I think the issue of homelessness in a libertarian society can actually get very thorny. Why is it acceptable, from a libertarian viewpoint, to homestead this land, but not "private" land that has been made inaccessible due to the state enforcing (private) claims to essentially abandoned property? Think of all the vacant lots in Detroit that could become thriving centers of mutual aid and libertarian charity. The only difference between Detroit and this particular case in New Jersey seems to be that the Detroit sites are not state parks... The justification for setting aside swaths of unimproved, truly publicly-owned land (think state or national parks) is typically that they have some sort of aesthetic value and everyone should get to enjoy them without the trappings of civilization. Who is anyone to say that this claim isn't any less legitimate than the justification for the state enforcing what is essentially "absentee landlordism"?
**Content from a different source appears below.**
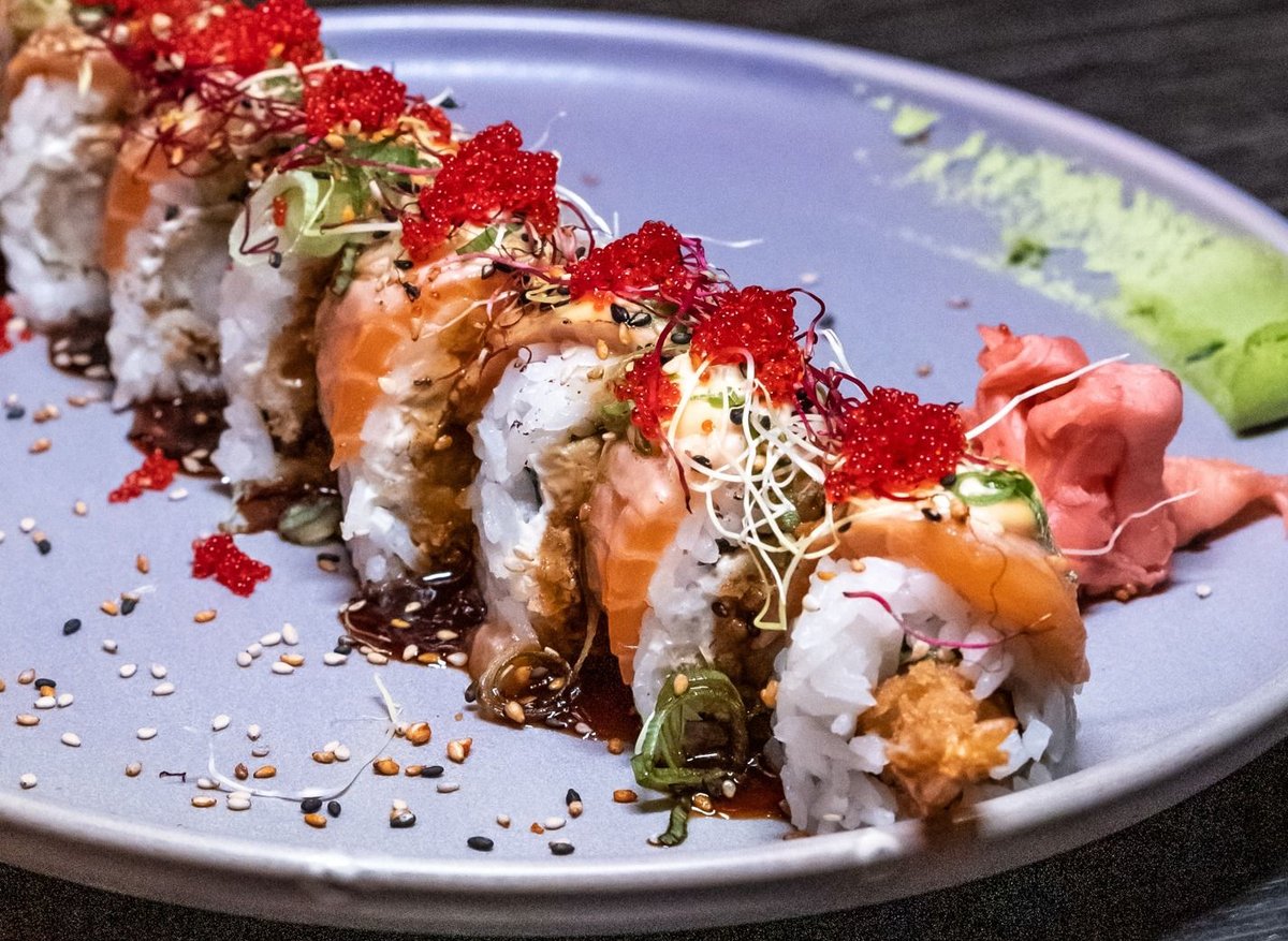 Tempurarulle-lax, avokado och philadelphia. Toppad med teriyakisås och chilimajo.
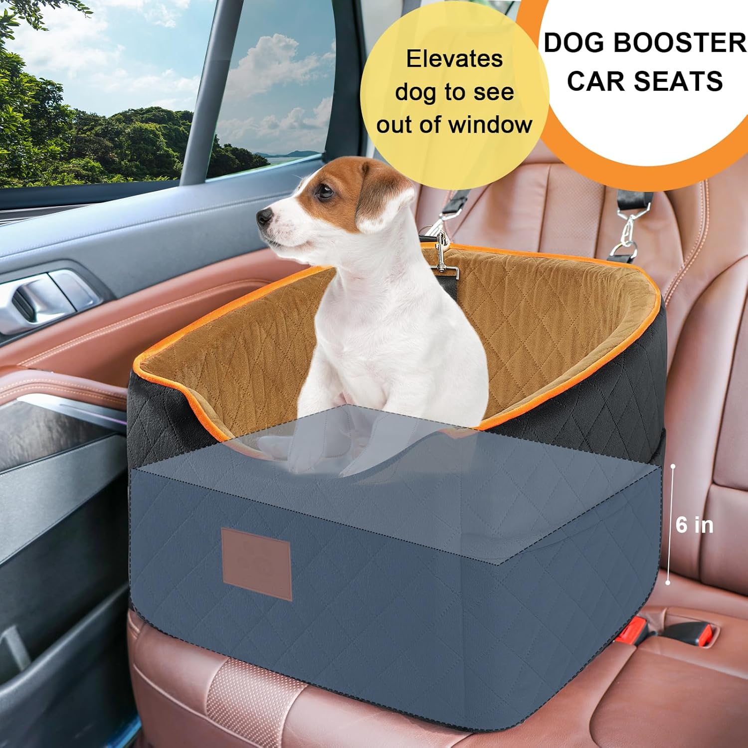 • Perfect for Long Trips: The elevated design of this car seat allows your pet to have a better view out the window, which can help ease their anxiety during car rides. It comes with an adjustable leash that can be attached to your dog's harness to ensure their safety. The interior height of the seat is 6 inches, allowing most dogs to enjoy the scenery outside without obstructing your rearview mirror. This dog booster seat is an ideal accessory for long trips with your furry friend.

It is impossible to tell (like most things) how much of a problem homelessness would be in a truly free society. I think the answer stems from different conceptualizations of property rights and what is and isn't acceptable. If the goal is to maximize social welfare, then it seems as though the mutualist viewpoint (that there is actually such a thing as "absentee landlordism" and that it is a "problem") would be a good framework, but a more propertarian viewpoint would more easily dissolve into "inefficient" use of land and thus open the possibilities for "more" homelessness, I would think.
Anyway, very interesting topic, but I'm not sure I agree with the logic that squatting on public land is any more different than squatting on abandoned privately-held land in principle.
But it isn't anyone else's either. It ostensibly "belongs" to the government. Which pretends that it actually "belongs" to the people. But the government has no legitimate business managing amusement areas, such as parks, golf courses, forests, waterslides, laser tag arenas, etc. And so it probably is not illegitimate to squat there. Though you could say it belongs to the tax payers who are getting ripped off to pay for it, and so if the squatters are depriving them of enjoyment that is some kind of minor trespass.It's always me. But this isn't your land.
Plus property tax.Detroit sells homes for $1.
But it isn't anyone else's either. It ostensibly "belongs" to the government. .
It does not matter who else (either singular or plural) owns the land. He does not own it, and therefore has no right to it.